The children knew they were loved and protected. Their home was a refuge full of hugs and pats and kissing. Some of the children used to complain that Grandfather Hamner’s mustache would scratch them, but they kissed him anyway. And even when they were grown, they kissed their father when they came home. Doris believed that when children know they are loved and trusted they grow up straight and strong. She was quoted as saying, "It was quite a sight when all of my red-headed children would sit down at the table at one time. Earl Sr. would just beam. He was always telling them, ‘you are the best looking children in the county. You are nothing but thoroughbreds.’ They all were and still are."

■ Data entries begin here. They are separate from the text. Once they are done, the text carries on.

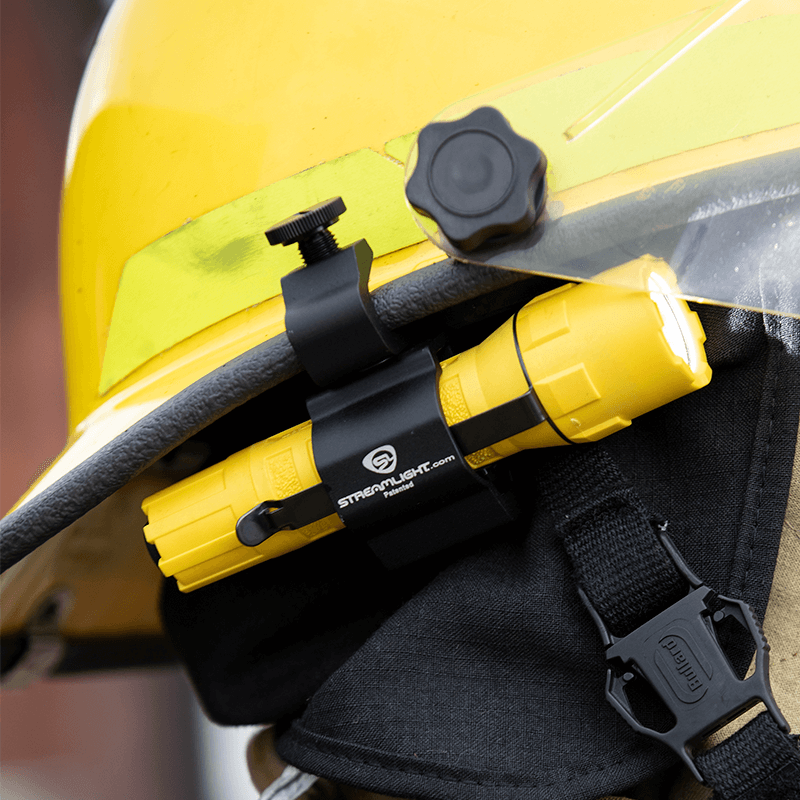 Soporte de casco duradero y confiable. Se adapta a la mayoría de cascos de bomberos. Fácil de instalar y quitar. Permite el uso manos libres de la linterna. Fabricado con materiales de alta calidad para uso en listas largas.
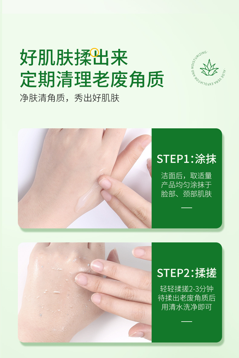 【限时购!拍下送旅行装!】芦荟温和去角质脸部搓泥啫喱 身体清洁去死皮 面部磨砂膏
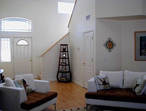 NOT YOUR ORDINARY TOWNHOME ~ Packed full of spectacular upgrades, this 2bd/2.5ba, 1656sf home sparkles & shines. Inside - soaring ceilings, light wood floors, skylights allowing abundant natural sunlight to pour in, & an open floorplan that allows entertaining to flow effortlessly from Kitchen, to Dining, to Living RM where a gas fireplace w/stone surround keeps the chill away. A well appointed Kitchen inc. granite tile countertop, custom back splash, glass front cabinets, built-in microwave & ample storage. Master Ste on main floor boasts travertine floor/shower, & dual vanity sink. 2nd bdrm/bath upstairs offers a stunning vanity that welcomes all Guests, & the spacious loft area doubles as Ofc/Game Rm. A/C, generous bkyard, & all located on the quiet side of Boulder Pointe. CALL TODAY
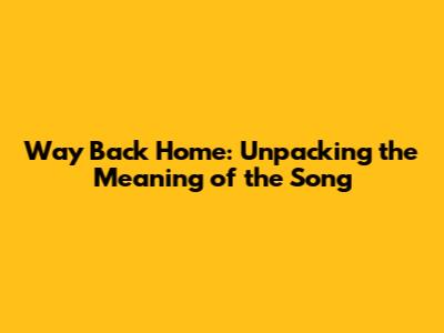 Why "Way Back Home" Resonates So Much
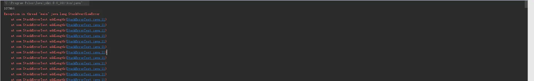 所以可以看出当栈内存不足或者本地变量大于内存时,会抛出StackOverFlowError。
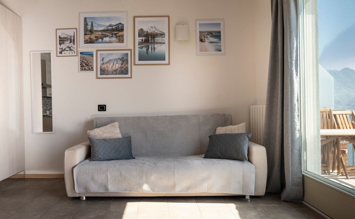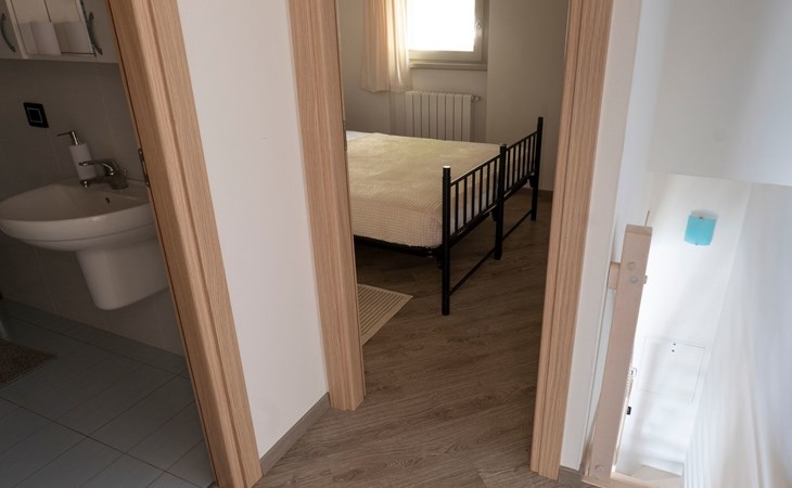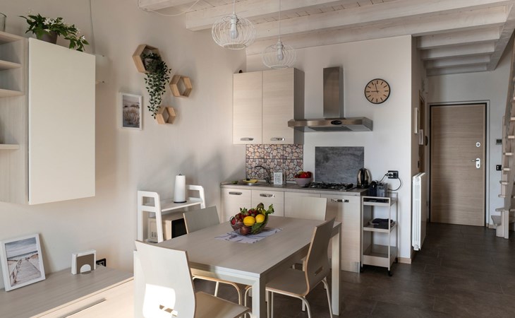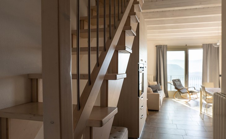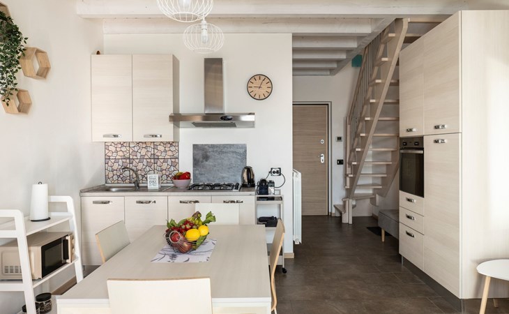 Bei der Vorstellung der Dreizimmerwohnung Cherubino 2 fällt es schwer, die Stärken hervorzuheben: Diese Ferienwohnung mit Blick auf den Iseosee hat wirklich alles, was eine Familie oder zwei/drei befreundete Paare für einen Urlaub brauchen. Zunächst einmal das Platzangebot: 65 m2, gut verteilt auf zwei Etagen, mit dem Wohnzimmer mit offener Küche und dem ersten Bad im Erdgeschoss und den beiden Schlafzimmern und dem zweiten Bad im Obergeschoss.

Yet the Hamner children were not saints. Doris remembered them as average healthy children with the normal amount of scraps, teasing and troubles. "But they weren’t hard headed," she would say, "If they knew something was bad, they didn’t commit the same wrong twice." Daughter Marion recalls that her mother had many rules that, as a girl, she objected to, but later grew to appreciate.

Earl Sr. died in 1969 and Doris on August 31, 1990 after a long bout with Alzheimer’s disease.

She is remembered as a loving mother and grandmother, a woman of deep and abiding faith, a fantastic cook who delighted in feeding family and friends, a hostess who welcomed Waltons fans to her home and the role model for Olivia Walton, the mother who has touched the hearts of the world for over a quarter of a century.